Collection entries

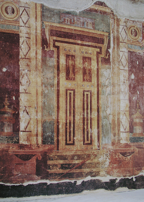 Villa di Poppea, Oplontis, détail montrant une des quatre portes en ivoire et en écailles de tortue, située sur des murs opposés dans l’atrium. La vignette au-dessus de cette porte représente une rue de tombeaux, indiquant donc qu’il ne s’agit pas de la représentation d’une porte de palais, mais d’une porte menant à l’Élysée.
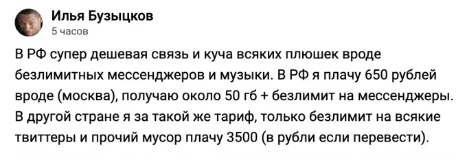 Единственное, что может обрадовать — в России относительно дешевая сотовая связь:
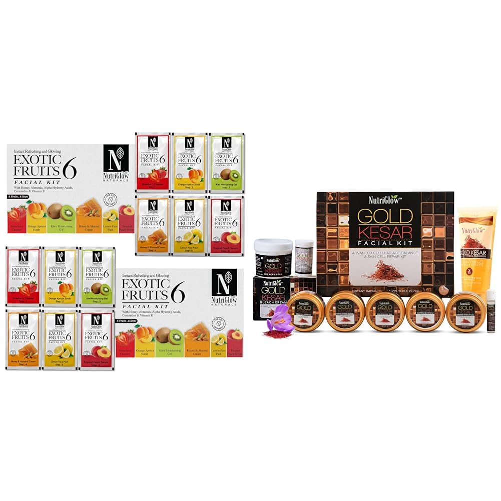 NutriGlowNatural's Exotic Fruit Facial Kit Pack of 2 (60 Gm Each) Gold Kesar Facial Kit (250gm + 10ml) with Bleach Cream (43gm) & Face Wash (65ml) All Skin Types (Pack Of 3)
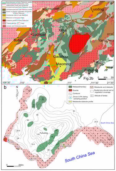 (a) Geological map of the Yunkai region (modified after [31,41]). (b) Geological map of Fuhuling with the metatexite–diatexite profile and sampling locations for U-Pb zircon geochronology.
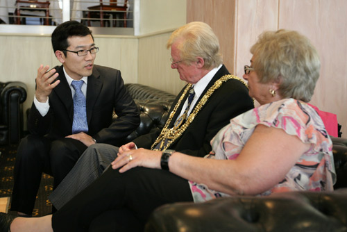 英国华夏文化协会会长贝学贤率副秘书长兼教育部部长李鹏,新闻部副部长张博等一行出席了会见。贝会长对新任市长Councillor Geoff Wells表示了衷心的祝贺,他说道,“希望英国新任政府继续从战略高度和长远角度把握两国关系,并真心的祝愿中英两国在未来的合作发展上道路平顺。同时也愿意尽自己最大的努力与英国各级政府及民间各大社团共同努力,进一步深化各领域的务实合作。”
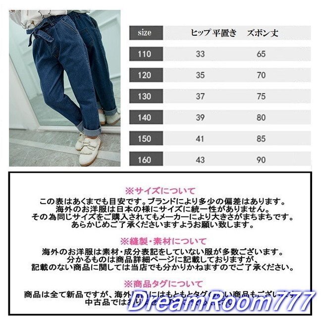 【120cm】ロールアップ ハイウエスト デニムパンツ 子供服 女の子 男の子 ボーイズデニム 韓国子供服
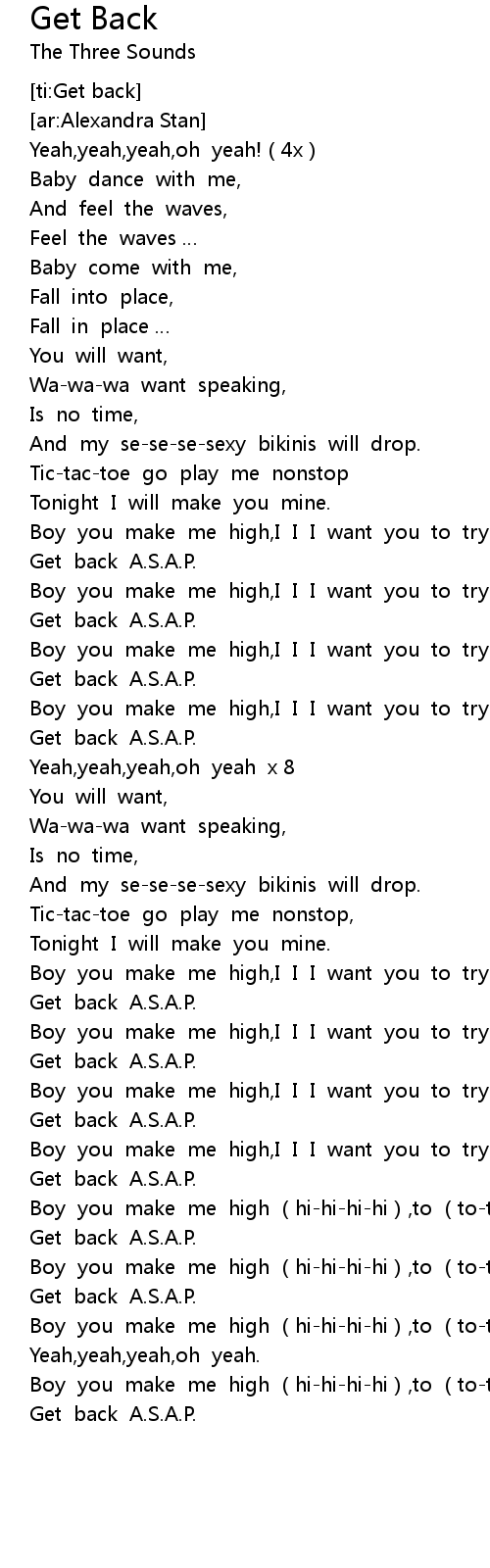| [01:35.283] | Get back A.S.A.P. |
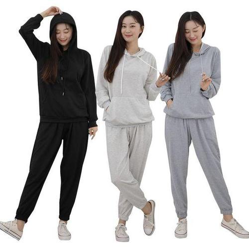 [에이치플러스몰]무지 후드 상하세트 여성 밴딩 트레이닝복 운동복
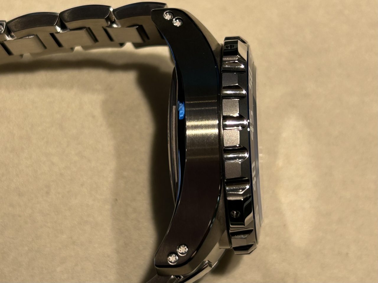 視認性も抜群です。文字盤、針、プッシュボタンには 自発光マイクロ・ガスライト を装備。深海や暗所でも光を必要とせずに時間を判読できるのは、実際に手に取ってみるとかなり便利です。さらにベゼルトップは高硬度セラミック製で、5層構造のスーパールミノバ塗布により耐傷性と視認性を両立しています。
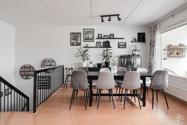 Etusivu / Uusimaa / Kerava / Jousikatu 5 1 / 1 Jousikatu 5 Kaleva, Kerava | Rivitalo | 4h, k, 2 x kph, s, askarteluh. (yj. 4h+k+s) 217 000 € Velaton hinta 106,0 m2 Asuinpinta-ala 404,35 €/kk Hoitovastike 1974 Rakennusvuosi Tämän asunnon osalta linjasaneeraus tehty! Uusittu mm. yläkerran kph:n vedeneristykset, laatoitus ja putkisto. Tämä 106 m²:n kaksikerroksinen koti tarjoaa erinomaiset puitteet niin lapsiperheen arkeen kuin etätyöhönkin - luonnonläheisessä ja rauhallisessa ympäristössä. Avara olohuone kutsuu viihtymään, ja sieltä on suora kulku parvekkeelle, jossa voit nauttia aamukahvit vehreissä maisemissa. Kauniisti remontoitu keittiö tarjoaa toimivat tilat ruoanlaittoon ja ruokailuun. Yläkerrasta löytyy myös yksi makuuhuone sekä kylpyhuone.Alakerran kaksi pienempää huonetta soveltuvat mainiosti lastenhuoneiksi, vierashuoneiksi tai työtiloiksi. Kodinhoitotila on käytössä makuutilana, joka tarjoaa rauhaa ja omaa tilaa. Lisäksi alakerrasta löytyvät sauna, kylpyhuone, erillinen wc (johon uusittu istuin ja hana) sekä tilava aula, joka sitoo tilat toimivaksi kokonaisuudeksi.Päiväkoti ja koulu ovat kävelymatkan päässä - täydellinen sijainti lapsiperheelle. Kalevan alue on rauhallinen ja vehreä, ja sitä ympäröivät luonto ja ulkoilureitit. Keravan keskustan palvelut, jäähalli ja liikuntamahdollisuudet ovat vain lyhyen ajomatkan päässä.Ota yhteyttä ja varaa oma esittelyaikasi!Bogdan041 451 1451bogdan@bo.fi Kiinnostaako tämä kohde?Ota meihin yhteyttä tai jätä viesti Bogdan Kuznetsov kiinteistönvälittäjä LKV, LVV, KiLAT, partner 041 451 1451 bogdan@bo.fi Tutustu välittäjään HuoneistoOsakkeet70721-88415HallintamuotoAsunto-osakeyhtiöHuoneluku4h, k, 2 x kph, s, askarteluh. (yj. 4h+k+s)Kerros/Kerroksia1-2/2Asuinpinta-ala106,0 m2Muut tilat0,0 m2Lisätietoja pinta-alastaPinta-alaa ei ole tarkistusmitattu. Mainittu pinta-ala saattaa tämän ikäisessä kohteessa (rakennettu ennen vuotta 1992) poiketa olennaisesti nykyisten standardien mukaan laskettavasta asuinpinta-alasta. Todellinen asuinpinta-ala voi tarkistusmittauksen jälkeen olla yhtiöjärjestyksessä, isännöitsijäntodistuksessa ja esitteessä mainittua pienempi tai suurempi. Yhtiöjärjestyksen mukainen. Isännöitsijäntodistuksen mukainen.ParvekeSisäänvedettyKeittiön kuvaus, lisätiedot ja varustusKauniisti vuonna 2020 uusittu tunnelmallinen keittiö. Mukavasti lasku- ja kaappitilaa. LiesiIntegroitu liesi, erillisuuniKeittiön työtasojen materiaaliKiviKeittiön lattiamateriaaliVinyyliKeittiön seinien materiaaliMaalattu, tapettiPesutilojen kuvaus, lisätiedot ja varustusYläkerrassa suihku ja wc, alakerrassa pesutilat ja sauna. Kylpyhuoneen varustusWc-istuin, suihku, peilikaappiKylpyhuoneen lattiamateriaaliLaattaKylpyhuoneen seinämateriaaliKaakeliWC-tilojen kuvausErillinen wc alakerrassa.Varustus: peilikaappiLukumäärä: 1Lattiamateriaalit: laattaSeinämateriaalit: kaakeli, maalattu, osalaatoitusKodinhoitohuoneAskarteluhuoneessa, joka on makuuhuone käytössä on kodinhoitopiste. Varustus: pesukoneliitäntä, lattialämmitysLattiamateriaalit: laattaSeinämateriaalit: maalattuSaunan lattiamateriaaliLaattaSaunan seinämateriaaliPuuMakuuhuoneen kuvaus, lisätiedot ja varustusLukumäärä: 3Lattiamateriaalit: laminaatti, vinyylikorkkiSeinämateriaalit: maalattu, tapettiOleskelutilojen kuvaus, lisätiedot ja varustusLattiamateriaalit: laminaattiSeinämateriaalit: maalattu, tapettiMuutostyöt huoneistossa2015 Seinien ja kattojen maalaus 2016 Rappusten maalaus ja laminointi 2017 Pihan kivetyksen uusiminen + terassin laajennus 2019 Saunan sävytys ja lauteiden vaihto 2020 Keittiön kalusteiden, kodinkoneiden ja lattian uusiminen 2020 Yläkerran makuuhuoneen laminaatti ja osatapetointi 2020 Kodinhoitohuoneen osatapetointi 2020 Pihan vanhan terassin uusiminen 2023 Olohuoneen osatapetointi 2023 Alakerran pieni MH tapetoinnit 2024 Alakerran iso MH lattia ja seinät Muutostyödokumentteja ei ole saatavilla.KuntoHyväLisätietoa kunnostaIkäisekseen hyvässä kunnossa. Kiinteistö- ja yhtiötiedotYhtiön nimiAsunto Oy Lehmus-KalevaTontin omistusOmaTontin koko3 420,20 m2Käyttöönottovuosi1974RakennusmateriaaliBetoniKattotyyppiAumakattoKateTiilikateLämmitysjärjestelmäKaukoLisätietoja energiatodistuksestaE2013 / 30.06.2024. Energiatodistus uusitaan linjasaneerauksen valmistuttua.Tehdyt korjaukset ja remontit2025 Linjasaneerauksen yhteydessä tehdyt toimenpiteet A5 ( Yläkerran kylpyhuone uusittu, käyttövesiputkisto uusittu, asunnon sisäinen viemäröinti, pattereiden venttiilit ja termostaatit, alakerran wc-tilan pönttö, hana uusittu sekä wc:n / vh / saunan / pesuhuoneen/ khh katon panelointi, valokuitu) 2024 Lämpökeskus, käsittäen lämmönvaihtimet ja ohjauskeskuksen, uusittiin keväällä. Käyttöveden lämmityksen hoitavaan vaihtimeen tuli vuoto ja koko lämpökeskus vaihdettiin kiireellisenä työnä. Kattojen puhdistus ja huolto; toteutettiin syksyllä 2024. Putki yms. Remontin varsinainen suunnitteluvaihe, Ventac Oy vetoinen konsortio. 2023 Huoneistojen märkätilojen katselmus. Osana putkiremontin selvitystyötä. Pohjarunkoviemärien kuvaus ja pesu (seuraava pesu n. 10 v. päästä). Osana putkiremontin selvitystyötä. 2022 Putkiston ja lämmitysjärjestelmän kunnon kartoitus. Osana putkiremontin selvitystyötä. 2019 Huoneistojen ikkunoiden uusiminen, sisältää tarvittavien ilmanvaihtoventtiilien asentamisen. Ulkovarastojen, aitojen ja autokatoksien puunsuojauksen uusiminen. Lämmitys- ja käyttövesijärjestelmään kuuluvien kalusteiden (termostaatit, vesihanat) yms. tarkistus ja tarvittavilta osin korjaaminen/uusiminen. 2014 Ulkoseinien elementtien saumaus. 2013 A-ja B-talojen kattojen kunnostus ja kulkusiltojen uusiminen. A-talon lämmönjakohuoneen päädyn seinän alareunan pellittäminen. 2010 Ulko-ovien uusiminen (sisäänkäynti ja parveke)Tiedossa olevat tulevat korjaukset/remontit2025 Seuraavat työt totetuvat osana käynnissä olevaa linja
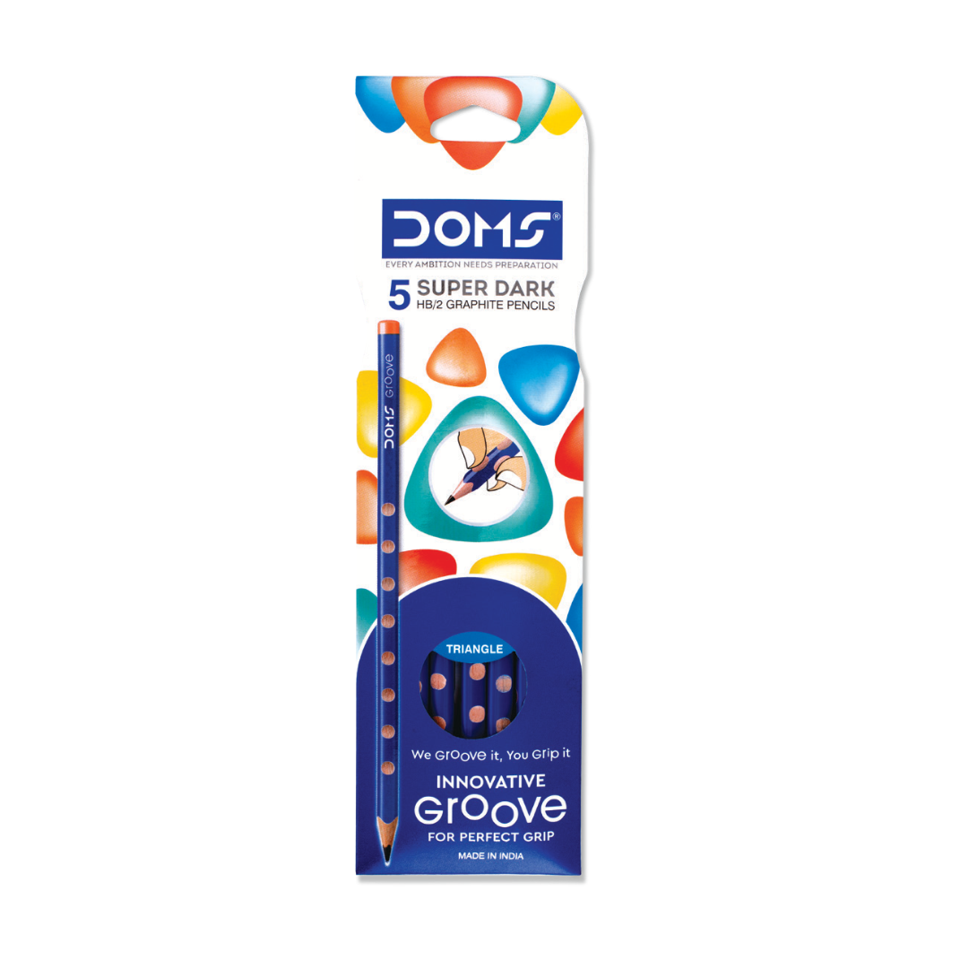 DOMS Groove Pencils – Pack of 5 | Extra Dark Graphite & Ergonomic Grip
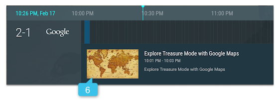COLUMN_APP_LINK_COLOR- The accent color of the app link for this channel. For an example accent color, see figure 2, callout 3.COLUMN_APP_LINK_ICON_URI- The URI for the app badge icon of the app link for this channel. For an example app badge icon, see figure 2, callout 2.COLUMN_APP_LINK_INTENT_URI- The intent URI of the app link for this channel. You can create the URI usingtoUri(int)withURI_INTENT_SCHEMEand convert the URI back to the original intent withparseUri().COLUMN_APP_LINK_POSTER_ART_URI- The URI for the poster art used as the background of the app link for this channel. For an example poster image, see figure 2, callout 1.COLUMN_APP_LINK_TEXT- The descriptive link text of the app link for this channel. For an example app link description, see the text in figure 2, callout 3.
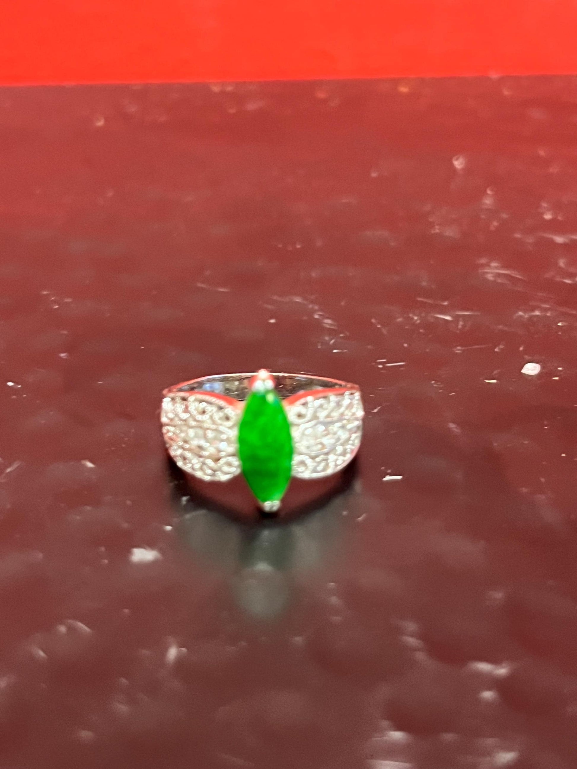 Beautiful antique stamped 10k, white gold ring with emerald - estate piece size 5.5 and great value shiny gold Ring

GOAL OF THE EXERCISE:
Copy only what runs above from the line containing "Единственное, что может" through the line containing "視認性も抜群です。文字盤、針", exactly. Leave out the pictures.

REPLY:
 Единственное, что может обрадовать — в России относительно дешевая сотовая связь:
 NutriGlowNatural's Exotic Fruit Facial Kit Pack of 2 (60 Gm Each) Gold Kesar Facial Kit (250gm + 10ml) with Bleach Cream (43gm) & Face Wash (65ml) All Skin Types (Pack Of 3)
 (a) Geological map of the Yunkai region (modified after [31,41]). (b) Geological map of Fuhuling with the metatexite–diatexite profile and sampling locations for U-Pb zircon geochronology.
 英国华夏文化协会会长贝学贤率副秘书长兼教育部部长李鹏,新闻部副部长张博等一行出席了会见。贝会长对新任市长Councillor Geoff Wells表示了衷心的祝贺,他说道,“希望英国新任政府继续从战略高度和长远角度把握两国关系,并真心的祝愿中英两国在未来的合作发展上道路平顺。同时也愿意尽自己最大的努力与英国各级政府及民间各大社团共同努力,进一步深化各领域的务实合作。”
 【120cm】ロールアップ ハイウエスト デニムパンツ 子供服 女の子 男の子 ボーイズデニム 韓国子供服
| [01:35.283] | Get back A.S.A.P. |
 [에이치플러스몰]무지 후드 상하세트 여성 밴딩 트레이닝복 운동복
 視認性も抜群です。文字盤、針、プッシュボタンには 自発光マイクロ・ガスライト を装備。深海や暗所でも光を必要とせずに時間を判読できるのは、実際に手に取ってみるとかなり便利です。さらにベゼルトップは高硬度セラミック製で、5層構造のスーパールミノバ塗布により耐傷性と視認性を両立しています。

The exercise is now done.